Hypothesis for synergistic toxicity of organophosphorus poisoning-induced cholinergic crisis and anaphylactoid reactions.

The neurotoxicity of organophosphorus (OP) compounds involves the inhibition of acetylcholinesterase (AChE), causing accumulation of acetylcholine (ACh) at synapses. However, cholinergic crisis may not be the sole mechanism of OP toxicity. Adverse drug reactions caused by synergistic toxicity between drugs with distinct pharmacological mechanisms are a common problem. Likewise, the multiple pharmacological activities of a single molecule might also contribute to either toxicity or efficacy. For example, certain OP compounds (e.g. soman) exhibit anti-AChE activity and also act as secretagogues by inducing mast cell degranulation with associated autacoid release and anaphylactoid reactions.
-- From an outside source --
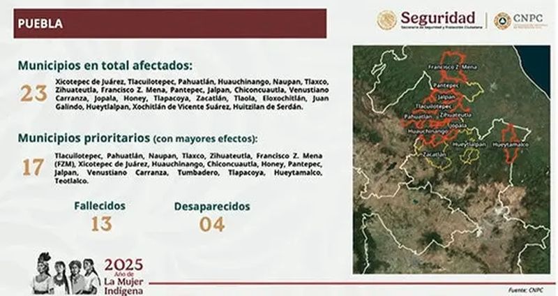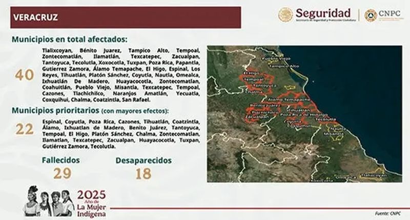 La Coordinación Nacional de Protección Civil (CNPC) señaló que los datos de las defunciones son brindados por las fiscalías locales; además indicó que las acciones de ayuda se concentran en Veracruz, Querétaro, San Luis Potosí, Puebla e Hidalgo, donde se registraron las mayores afectaciones.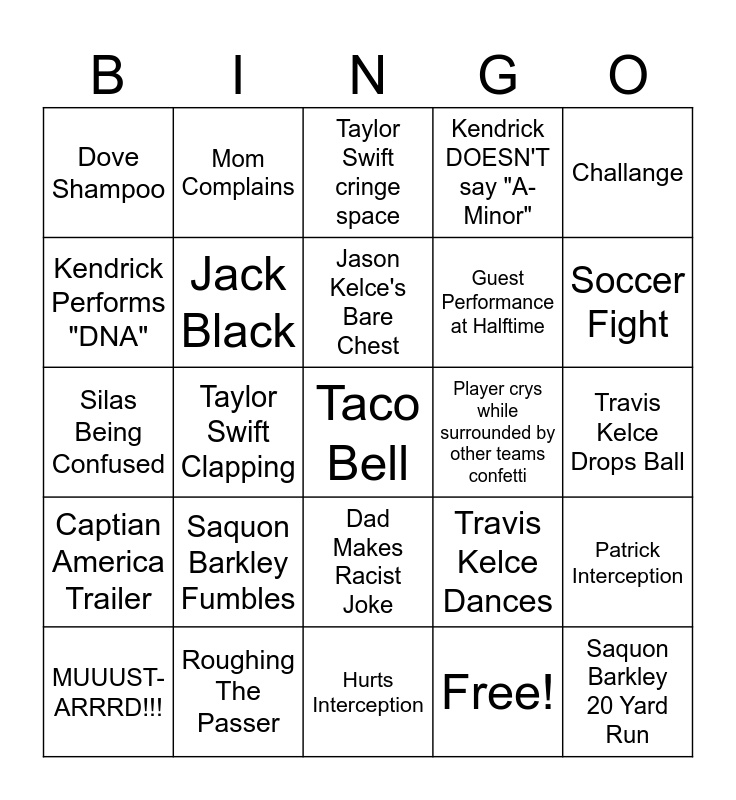 This bingo card has 30 words: Roughing The Passer, Tush Push, Taylor Swift Clapping, Group Touchdown Dance, Dove Shampoo, Taylor Swift cringe space, Jack Black, Dad Makes Racist Joke, Player crys while surrounded by other teams confetti, Hurts Interception, Travis Kelce Drops Ball, Taco Bell, Free!, Saquon Barkley 20 Yard Run, Soccer Fight, Doritoes, Travis Kelce Dances, Captian America Trailer, Saquon Barkley Fumbles, Challange, Silas Being Confused, Travis Kelce's Fat Brother is shown, Mom Complains, Guest Performance at Halftime, Kendrick Performs "DNA", Kendrick DOESN'T say "A-Minor", Patrick Interception, MUUUST- ARRRD!!!, Jason Kelce's Bare Chest and Taylor Sings Bad Blood (Won't happen, waste of space).

Anaphylactoid shock can produce a lethal syndrome with symptoms of respiratory failure and circulatory collapse similar to the physiological sequelae observed for OP poisoning. Moreover, the major classes of drugs used as antidotes for OP intoxication can affect anaphylaxis. Acetylcholine can act as an agonist of autacoid release, and autacoids such as histamine can augment soman-induced bronchial spasm. In concert with the demonstrably critical role of cholinergic crisis in OP toxicity, the precepts of neuroimmunology indicate that secondary adverse reactions encompassing anaphylactoid reactions may complicate OP toxicity.